In order to complete this notebook, you must deploy a Linux DSVM in your azure subscription. Click [HERE](https://azuremarketplace.microsoft.com/en-us/marketplace/apps/microsoft-ads.linux-data-science-vm-ubuntu), then click on GET IT NOW.

**In Basics blade:**<br>
**Name:** meetupdsvmgpu <br>
**VM Disk type:** HDD<br>
**Username:** sshuser<br>
**Password:** Passw0rd.1!!<br>
**Resource Group:** meetupdsvmgpu_rg <br>
**Location:** Pick among East US, North Central US, South Central US or West US 2<br>

**In Size blade:
Size:** NC6 (if you want GPU), or D4_V3 (if you want CPU)

**In Settings blade:**
Leave as is


[The data science VM](https://docs.microsoft.com/en-us/azure/machine-learning/machine-learning-data-science-virtual-machine-overview) can be used for training model using deep learning algorithms on GPU (Graphics processing units) based hardware.

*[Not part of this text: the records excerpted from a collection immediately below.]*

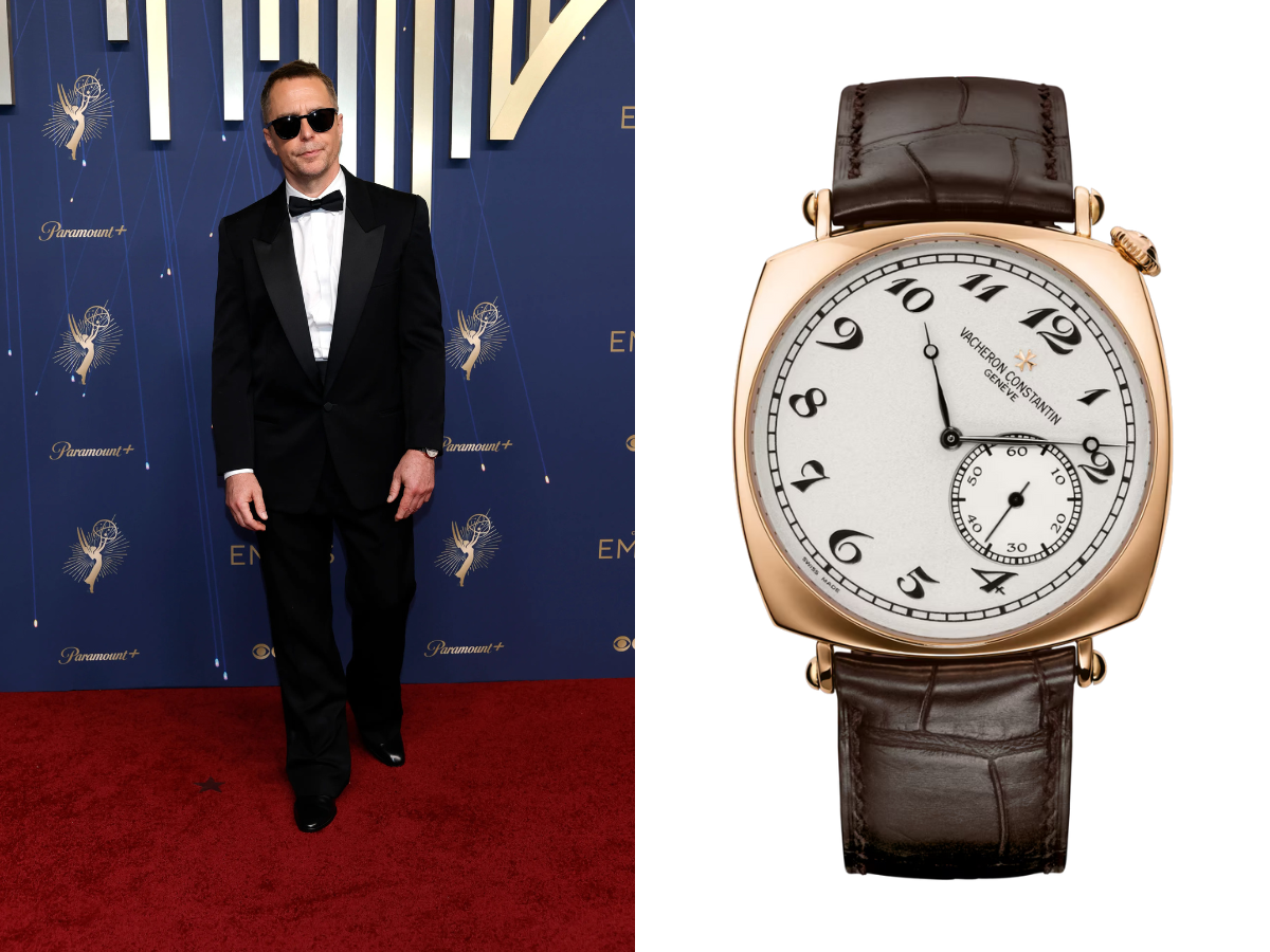 Sam Rockwell may not have left the Emmys with a trophy in hand — The White Lotus only managed one win on the night — but his wrist was definitely a winner. The actor arrived in style wearing the Vacheron Constantin Historiques American 1921 (Ref. 82035/000R-9359), a 40 mm pink gold masterpiece inspired by the brand’s 1921 model. With a diagonal dial, bold numerals, and a crown nestled between 1 and 2 o’clock, it’s the kind of watch that stands out while remaining effortlessly sophisticated. Interestingly, White Lotus co-star Walton Goggins also chose a Vacheron on the same night — the Overseas Perpetual Calendar Ultra-Thin — showcasing two actors with impeccable taste in the same brand but a very different approach to style. This watch costs USD $48,750.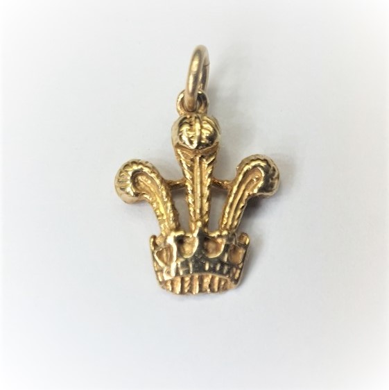 This finely detailed Prince of Wales feather charm is crafted in 9ct yellow gold. A versatile piece that can be worn as a charm or as a pendant.
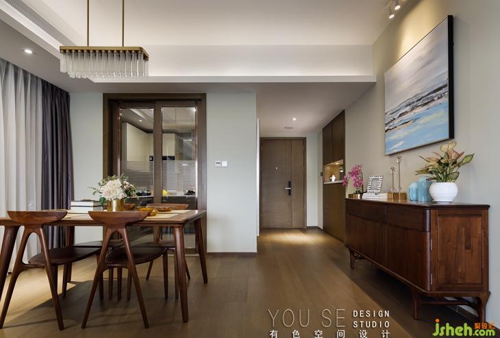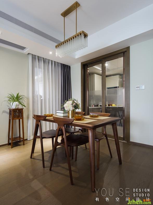 簡約的餐桌風(fēng)格,配上頂部現(xiàn)代風(fēng)的吊燈,唯愛與美食不可辜負。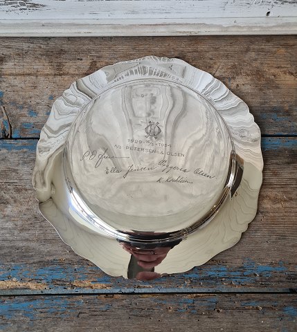 Dækketallerken af sølv fra 1953 Stemplet de tre tårne 1953 Fremstår med gravering på badsiden - se billed Diameter 28 cm. Vægt 455 gram.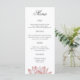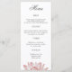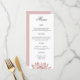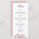 Simple, élégant et informatif. Vous apprécierez la disposition soignée et la facilité de lecture du texte de ce menu mariage. Un seul motif floral lotus au fond. Cela fait partie de notre collection florale rose vif d'articles assortis et coordonnés pour votre mariage. Prenez un moment et parcourez plus loin notre collection. Espace pour quatre cours. Soyez concis et gardez chacune à trois lignes. Si vous avez besoin d'espace supplémentaire, contactez le concepteur qui peut vous aider avec la disposition. L'inverse est un rose pâle foncé coordonné.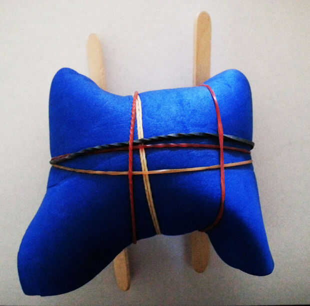 • Utilizando la cadena anudada gomas, fijar el huevo a los dos palitos, tal que el huevo se eleva un poco de la tierra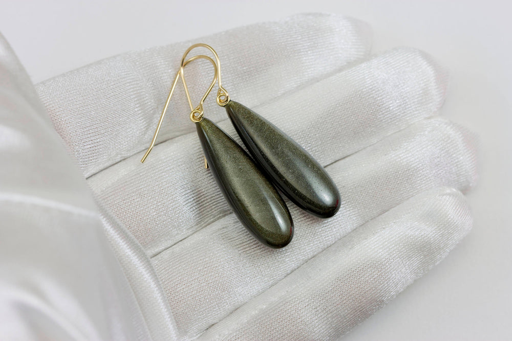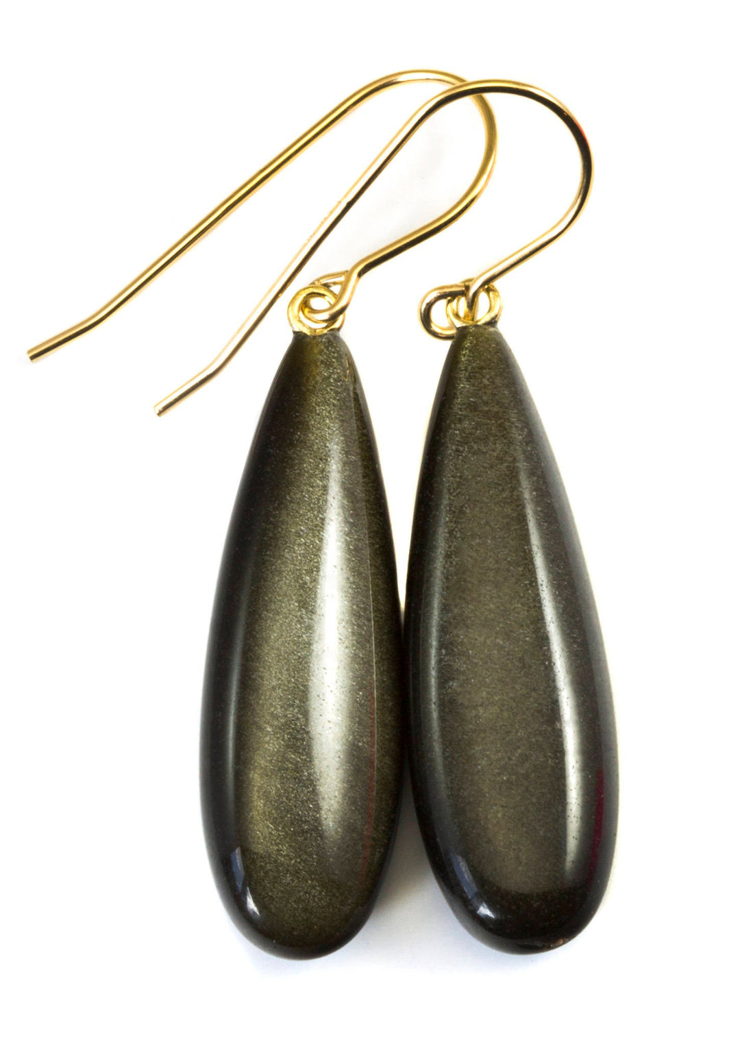 Black Obsidian Earrings Long Smooth Drop Sterling Silver or 14k Gold Filled or Solid 14k Gold Real Natural Simple Puffed Teardrops Shimmery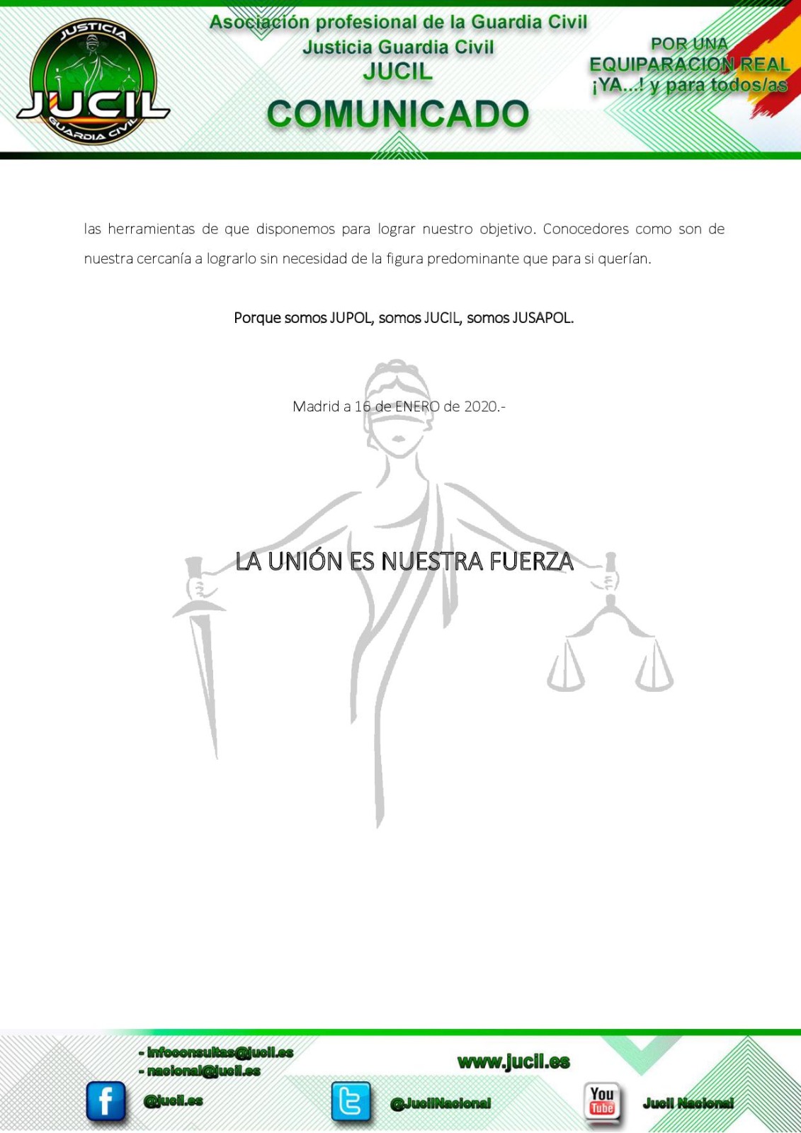 Comunicados EN 2020, LA UNIÓN SEGUIRÁ SIENDO NUESTRA FUERZA by Secretario Nacional Afiliaciones y Nuevas Tecnologías 1 enero, 2020 Publicado por Secretario Nacional Afiliaciones y Nuevas Tecnologías 1 enero, 2020 0 comentario 0 FacebookTwitterWhatsappTelegramCopy LinkEmail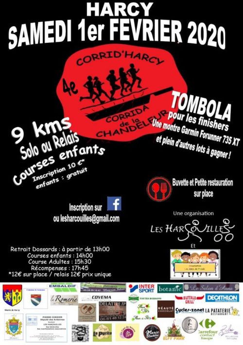 La Corrid'Harcy sur un parcours avec routes fermées, trois boucles égales avec un passage dans un chemin boisé .Un relais en équipes de trois coureurs est également proposé.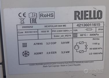 N. 2 POMPE DI CALORE NEXPOLAR INVERTER RIELLO MODELLO 004ME CODICE 20099252 UTILIZZATI SOLO 1 MESE

Utilizing VM scaling capabilites of Azure cloud, DSVM helps you use GPU based hardware on the cloud as per need. One can switch to a GPU based VM when training large models or need high speed computations while keeping the same OS disk. The Windows Server 2016 edition of DSVM comes pre-installed with GPU drivers, frameworks and GPU version of the deep learning algorithms. On the Linux, deep learning on GPU is enabled only on the Data Science Virtual Machine for Linux (Ubuntu) edition. You can deploy the Ubuntu/Windows-2016 edition of Data Science VM to non GPU based Azure virtual machine in which case all the deep learning frameworks will fallback to the CPU mode. 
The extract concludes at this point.